[Date Prev][Date Next] [Chronological] [Thread] [Top]

Re: ISO Latin Strings



> Do you know where I could get somekind of encoder/decoder thing? So
> that I could store it as something that is supportted in current
> releases, and then map it back to an ISO Latin string when I retrieve
> it?

Here are the scripts I use.  Replace /local/bin/perl5 with the pathname
of a perl 5 release on your machine.

-------- iso2utf --------
#!/local/bin/perl5 -wp
# Convert iso8859-1 to UTF-8
s/([\200-\377])/pack('CC', 0xC0 + (ord($1) >> 6), (ord($1) & 0xBF))/ge;

-------- utf2iso --------
#!/local/bin/perl5 -p
# Convert UTF-8 to iso8859-1, or to "{" "UTF8:" utf8-char "}" and return error.

# Note:	Do not remove the code that checks if the UTF-8 sequence
#	is valid and can be converted to iso8859-1.
#	Otherwise filters like this can be fooled into converting
#	some 8-bit chars to \0 or control characters.

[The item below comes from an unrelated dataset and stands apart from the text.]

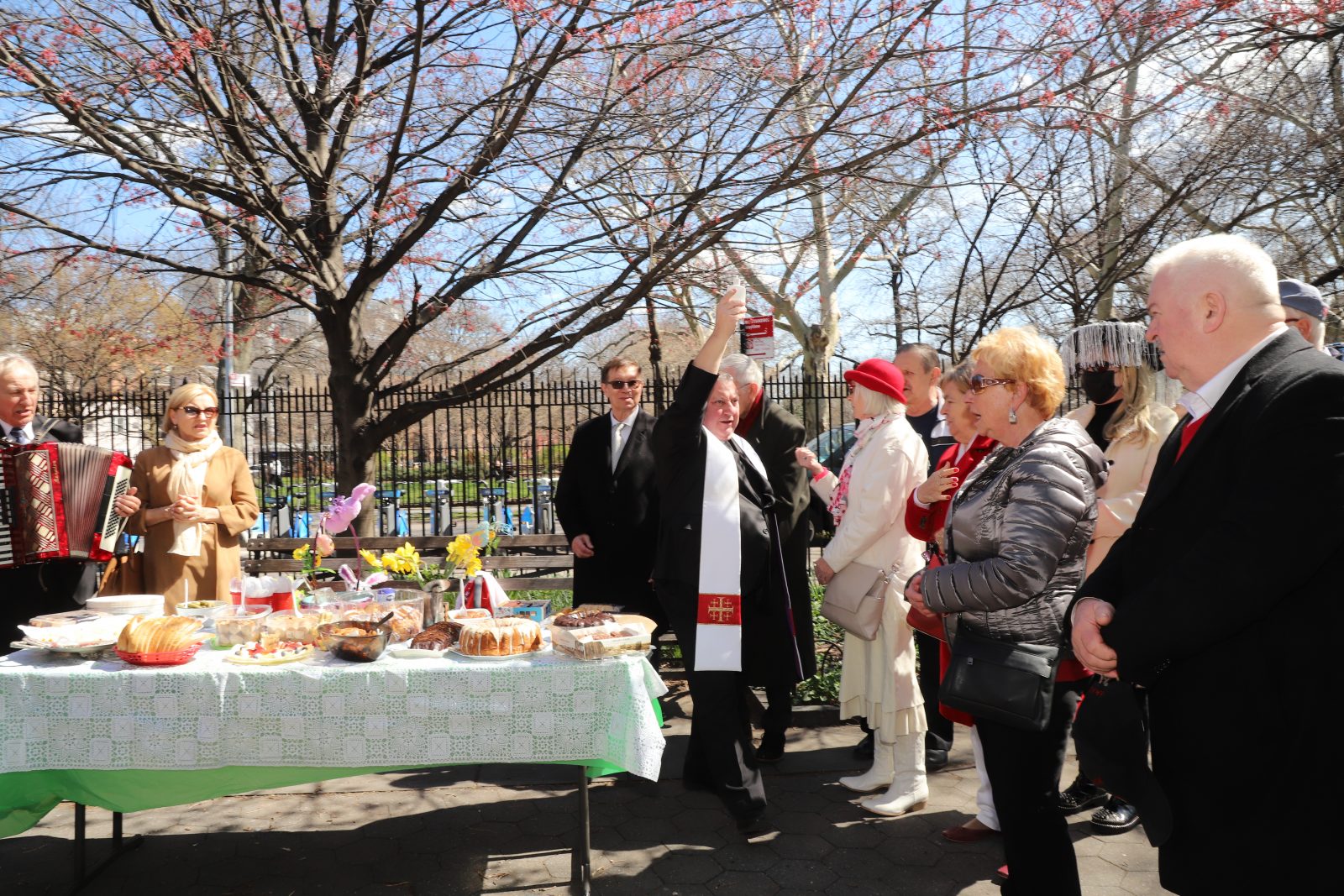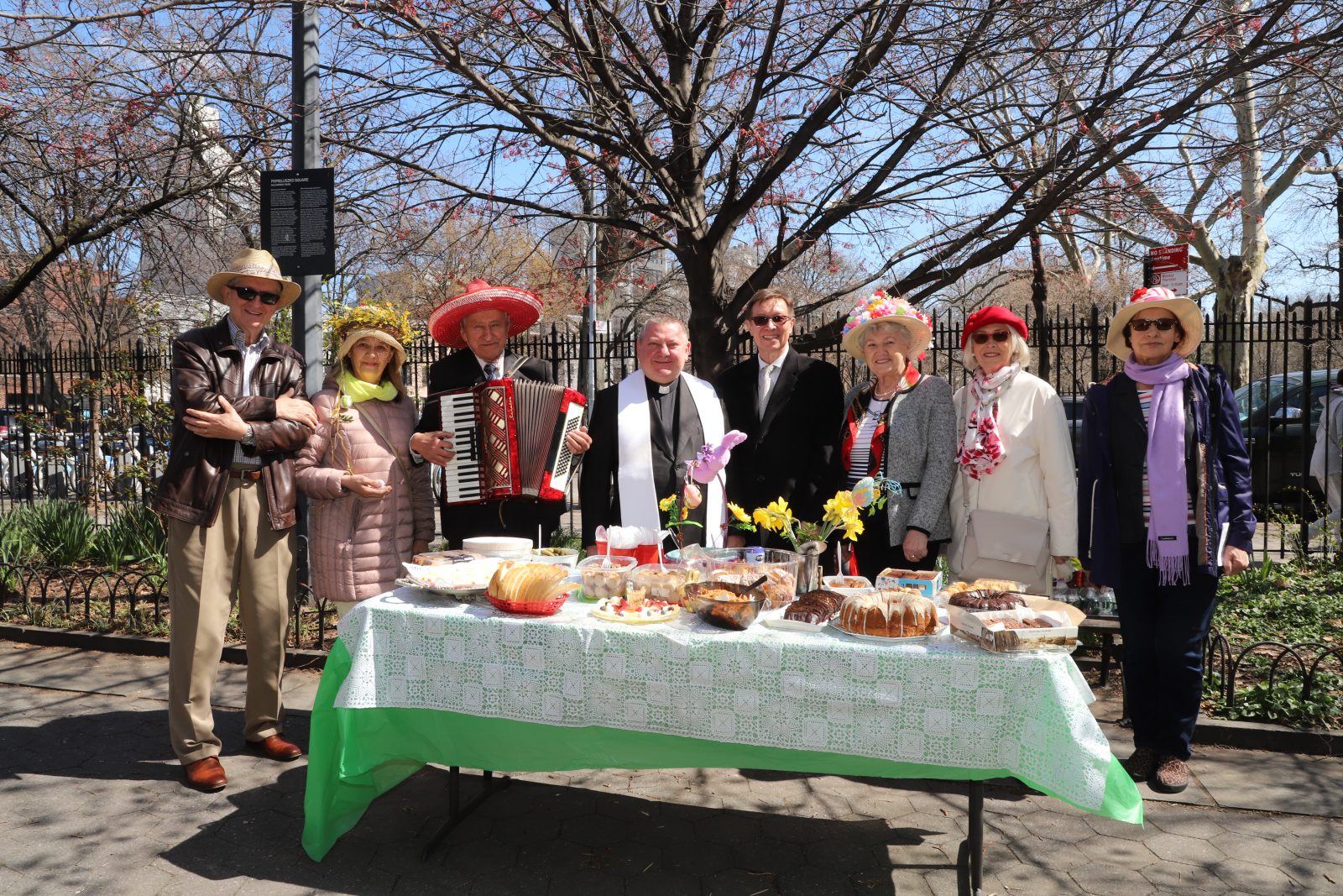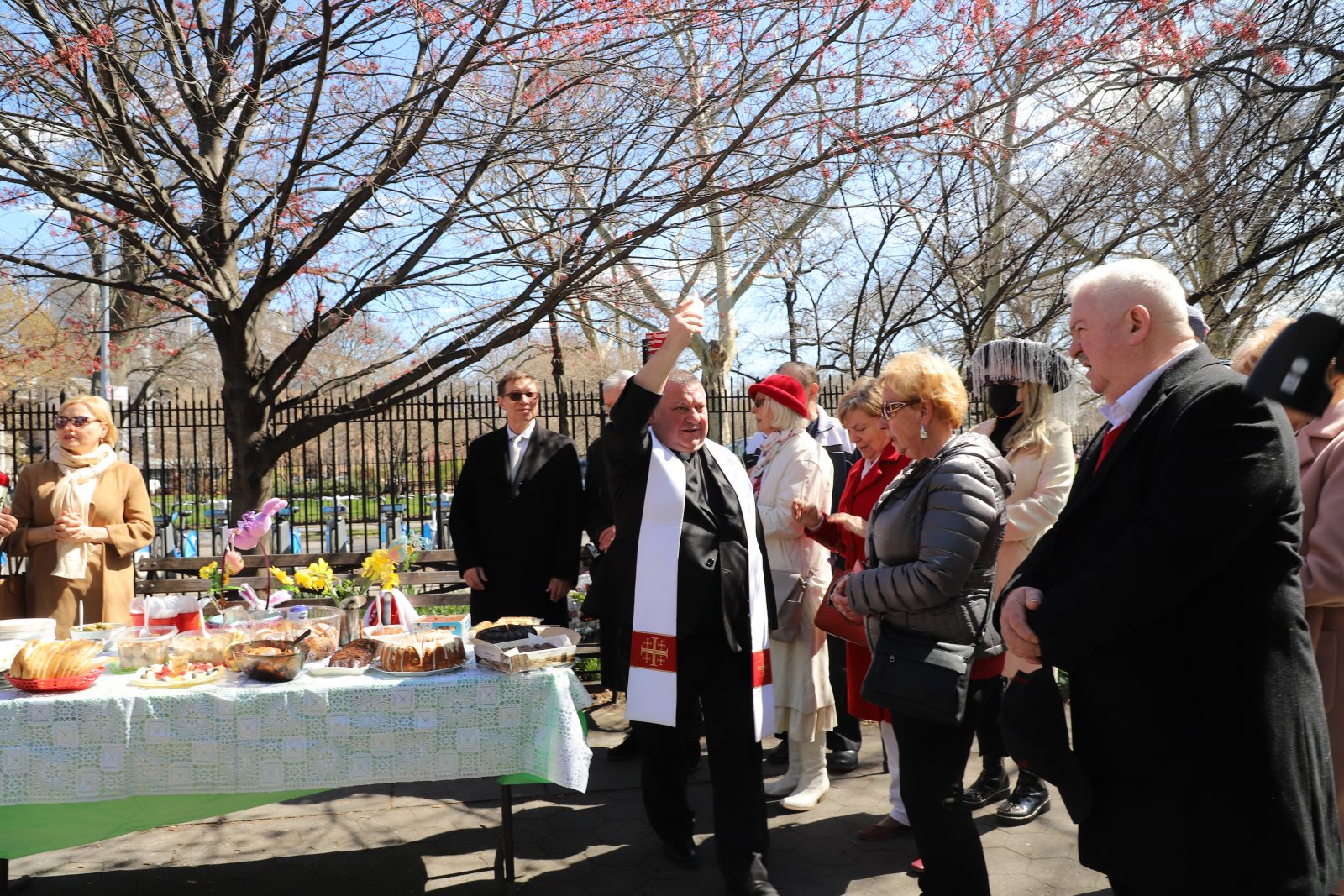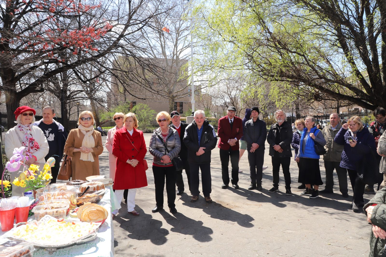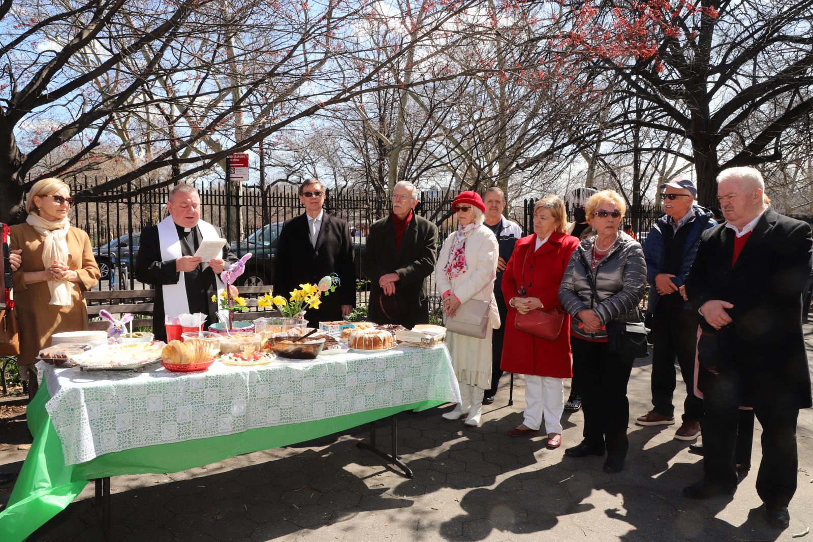 Z inicjatywy seniorów Klubu Krakus działającego w Centrum Polsko Słowiańskim, w niedzielę wielkanocną, 31 marca miało miejsce trzecie już spotkanie przy pomniku księdza Jerzego Popiełuszki na Greenpoincie. Uczestniczyli w nim również członkowie Northside Senior Center z Williamsburga, znajomi oraz przygodni przechodnie. Obecnością swoją zaszczycili nas: prezes Centrum Polsko Słowiańskiego, Marian Żak z małżonką Małgorzatą, nowy prezes Polsko-Amerykańskiego Klubu Fotografika, Dariusz Kanarek, który przybył z ojcem, Krzysztofem Kanarkiem, byłym śpiewakiem z Mazowsza i solistą Operetki Warszawskiej. Zaproszony ksiądz Grzegorz Markulak, proboszcz Parafii Św. Stanisława Kostki na Greenpoincie powiedział „Po zakończeniu 40 dniowego czasu Wielkiego Postu gromadzimy się w Uroczystość Zmartwychwstania Pańskiego. W naszych sercach jest wielka radość, bo Chrystus żyje i jest pośród nas. Razem z nim jesteśmy tu w tej wspólnocie przy Wielkanocnym stole, by dzielić się miłością, składać sobie wzajemnie życzenia, dzielić się poświęconym jajkiem, znakiem nowego życia. Prośmy Chrystusa zawsze obecnego wśród tych, którzy Go miłują, aby pobłogosławił pokarmy na naszym wielkanocnym stole”. Po odmówieniu Litanii dziękczynnej i modlitwy poświęcił pokarmy wielkanocne oraz pobłogosławił zebranych.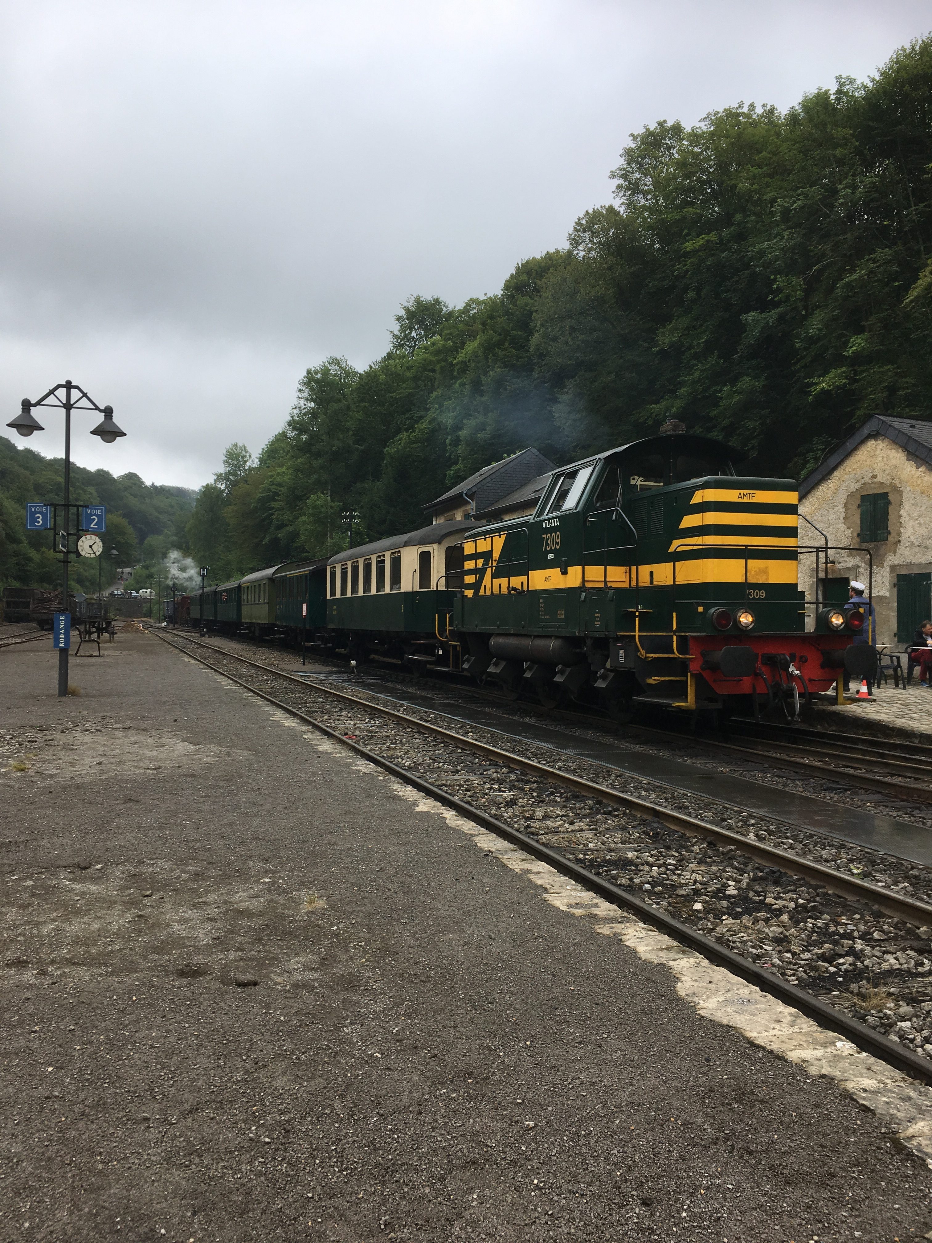 Train 1900 takes passengers on the 8 km ride from Fond de Gras to Pétange or vice-versa. We opted for the first class carriage. Although the scenery along the journey wasn’t much to write home about, for those of us old enough to remember steam rail travel, it brought back fond memories.

# 1. octet in non-ASCII char should be [\300-\377].  However, we check
# for [\200-...] in case the input starts in the middle of an UTF-8 char.
s/([\200-\377][\200-\277]*)/&utf2iso($1)/ge;

sub utf2iso {
    my($first,@rest) = unpack('C*', $_[0]);
    $first -= 0xC2;
    if (@rest != 1 || ($first & ~1)) {
	warn "\nutf2iso: Non-iso8859-1 characters(s) in text.\n" unless $w++;
	return "{UTF8:$_[0]}";
    }
    chr($first * 0x40 + $rest[0]);
}

END { die "utf2iso: $w non-iso8859-1 characters.\n" if $w && $w > 1; }